In the end the Tribunal concluded that there was insufficient evidence to establish the amount of any debt but that in any case recovery of the debt should be waived under s.1237AAD on the grounds of special circumstances which included Centrelink’s significant delay in raising the debt (and the decision to raise a debt in circumstances where there was not proper evidence to support this), the family’s financial circumstances and their significant other responsibilities in their role as carers.

The second parenting payment debt

The Tribunal noted that there was evidence relating to the calculation of the second PP debt. The amended version of s.1223 of the Act applied, which allowed over-payments, regardless of how they arose, to be recovered as debts.

During the second PP debt period Mrs Salangsang earned about $61,085 whereas Centrelink records reflected her earning about $35,789. The Tribunal noted that Centrelink had information about Mrs Salangsang’s net rather than gross income at the start of the second debt period. There were a few notices sent to Mr Salangsang during the second PP debt period but only one after his wife returned to work. The Tribunal was satisfied that Mr Salangsang did not inform Centrelink of the numerous changes in Mrs Salangsang’s income. The Tribunal also noted that Mrs Salangsang mistakenly believed that she was required to report net earnings.

As a result of the under-reporting and misreporting of income the Tribunal was satisfied that Mr Salangsang was overpaid PP.

There were no grounds for waiver based on administrative error. The Tribunal considered whether the debt could be waived based on special circumstances as it considered that Mr and Mrs Salangsang did not knowingly misrepresent their affairs or knowingly fail to comply with the Act.
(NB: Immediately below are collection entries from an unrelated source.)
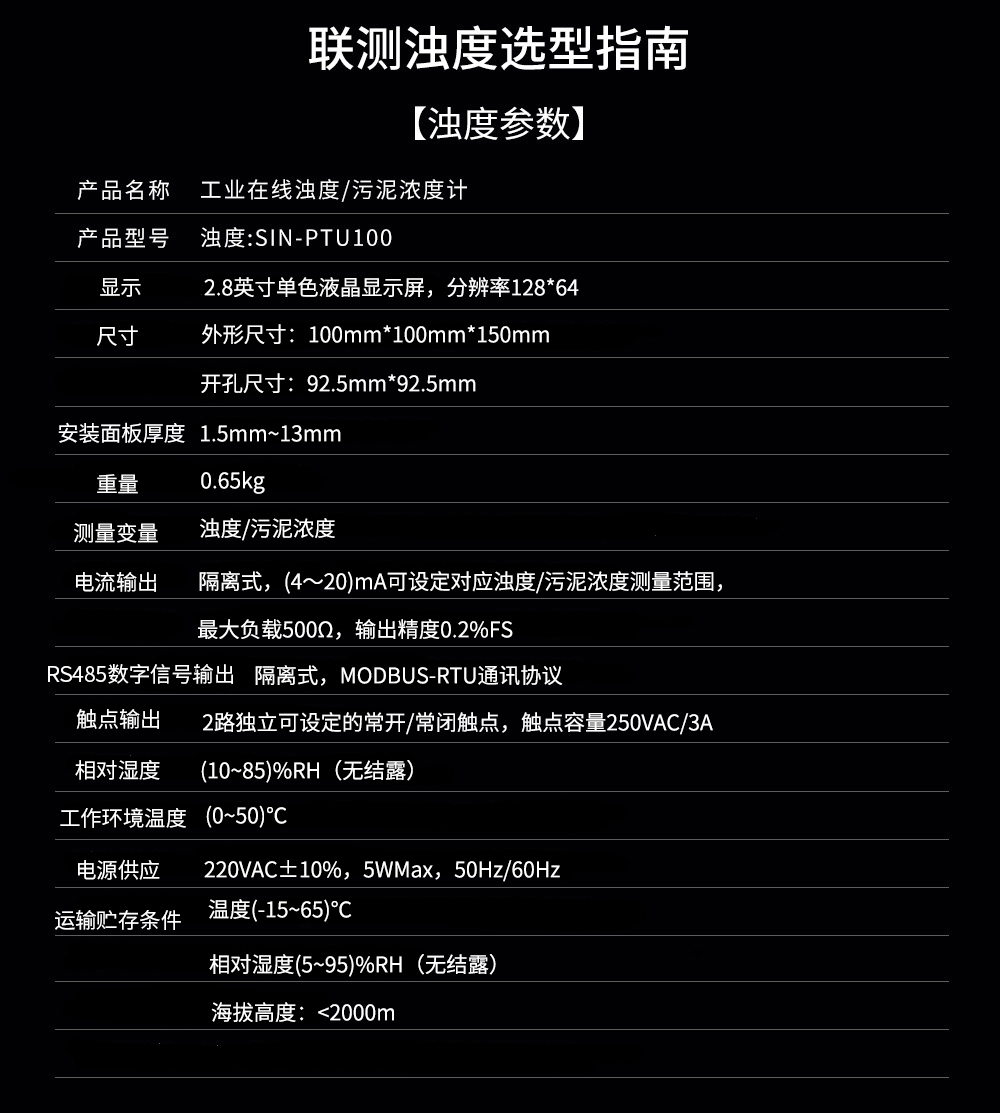 聯(lián)測SIN-PTU100在線濁度分析儀內(nèi)置微處理器,適用于于污水廠、自來水廠、水站、地表水、工業(yè)等領(lǐng)域濁度監(jiān)測,例如:污水廠沉淀池、造紙漿液池、提升泵站、氧化溝濁度測量等。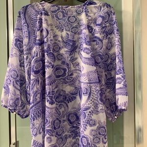 Daisy Fuentes Semi-sheer Violet Floral Peasant Top Blouse Polyester Chiffon Size Large EUC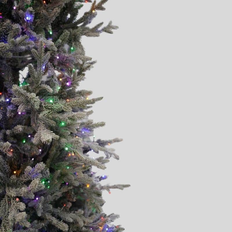 Pre-lit with 1000 Dual Color 3mm Spider L.E.D. Lights. 20,000 Hour Low Voltage Warm White and Multi Color Lights with Power Connect Pole and Multiple Function Remote.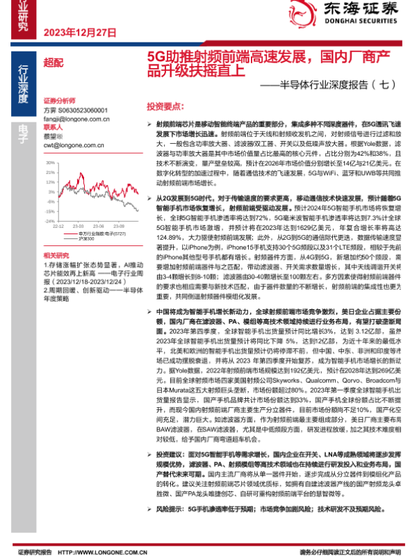 【东海证券】【20231227】5G助推射频前端高速发展,国内厂商产品升级扶摇直上——半导体行业深度报告(七)-38页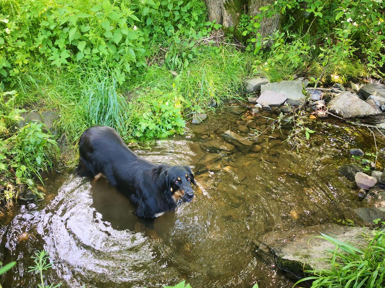 Im Vorfeld hatte ich etwas Bedenken, ob das gut funktionieren würde, denn es war klar, dass ich Doxi immer wieder für einige Stunden im Wohnmobil würde zurücklassen müssen. Doch ich habe einen wunderbaren Schattenplatz unter Bäumen erwischt, wodurch es im Wohnmobil nicht zu heiß wurde.Und das Salvaticum, der „Länderbaumpark“, gleich neben dem Schulungszentrum, erwies sich als ideal, um zwischendurch mal schnell für eine halbe Stunde mit Doxi rauszugehen. Großzügige Wiesenflächen zum Stöckchenwerfen, kühlende Bachläufe und lauschige Rastplätze unter uralten Bäumen – alles vorhanden, was meinen Hund glücklich macht.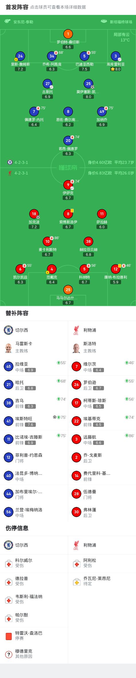 北京时间10月5日,英格兰足球超级联赛第7轮展开较量,切尔西坐镇主场迎战利物浦。上半场凯塞多轰出世界波。下半场索博传中,伊萨克轻巧做球,加克波门前捅射得手,补时阶段库库雷利亚传中,埃斯特旺后点破门完成绝杀,之后马雷斯卡吃到第二张黄牌,被红牌罚出场。最终切尔西2-1战胜利物浦。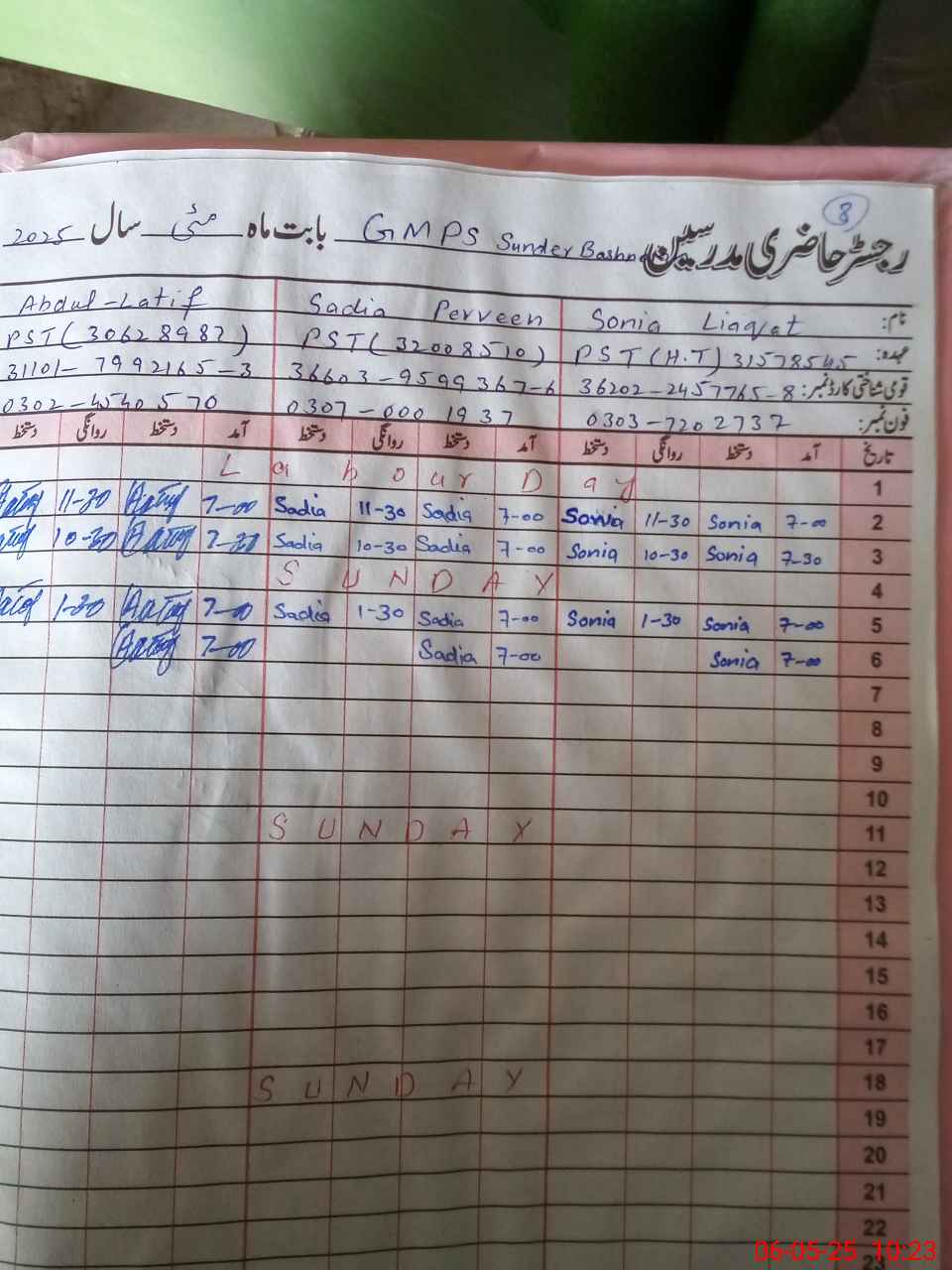 | Name: So**** Li**** Designation: (School Headmaster's/Headmistress's) PST Phone/Cell Number: 03**** |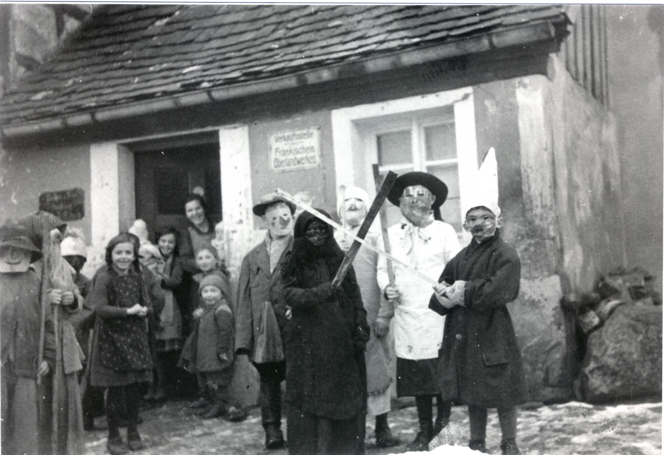 Fasching 1939 vor dem Anwesen Erhard jetzt Magnani I 3. Februar 2019 Fasenacht in Unterampfrach? 2180 × 1495

The Tribunal agreed with the comments of Sheppard J in Director-General of Social Services v Hales [1983] FCA 81; (1983) 47 ALR 281 (at 323) that the starting point was that the public ought to be able to expect that any money paid in excess of entitlements would be recovered. However in this case the Tribunal considered there were special circumstances and described these as the size of the debt, and the impact that its recovery (which would require with-holdings from their income support payments over a long period) would have on a very low income family, their family and caring responsibilities, the fact that they were honest and their mistakes inadvertent, only one notice had been issued to Mr Salangsang after Mrs Salangsang returned to work which could have alerted him to the fact that Centrelink was not taking his wife’s earnings into account, the stress and ill health having the debts had caused them, and the administrative errors that contributed to the debt period extending as long as it did. In particular when Mrs Salangsang’s SA ceased in March 2004 (she reported earnings) that information ought to have ‘found its way to Mr Salang-sang’s PP file’ to avoid the overpayment.

The Tribunal stated that the discretion for special circumstances should not be exercised lightly, but that it ought to be exercised where the justice of the case required it. The Tribunal considered it was appropriate to waive recovery of that part of the debt relating to the period from

26 March 2004 when Mrs Salangsang’s SA had been cancelled and Centrelink knew, or ought to have known, that she was back at work.

Formal decision

The decision under review with respect to the SA debt was affirmed. The decision under review with respect to the first PP debt was set aside and a decision was made to waive the debt on the grounds of special circumstances. The decision under review in relation to the second PP debt was varied by waiving that part of the debt that was incurred after 26 March 2004.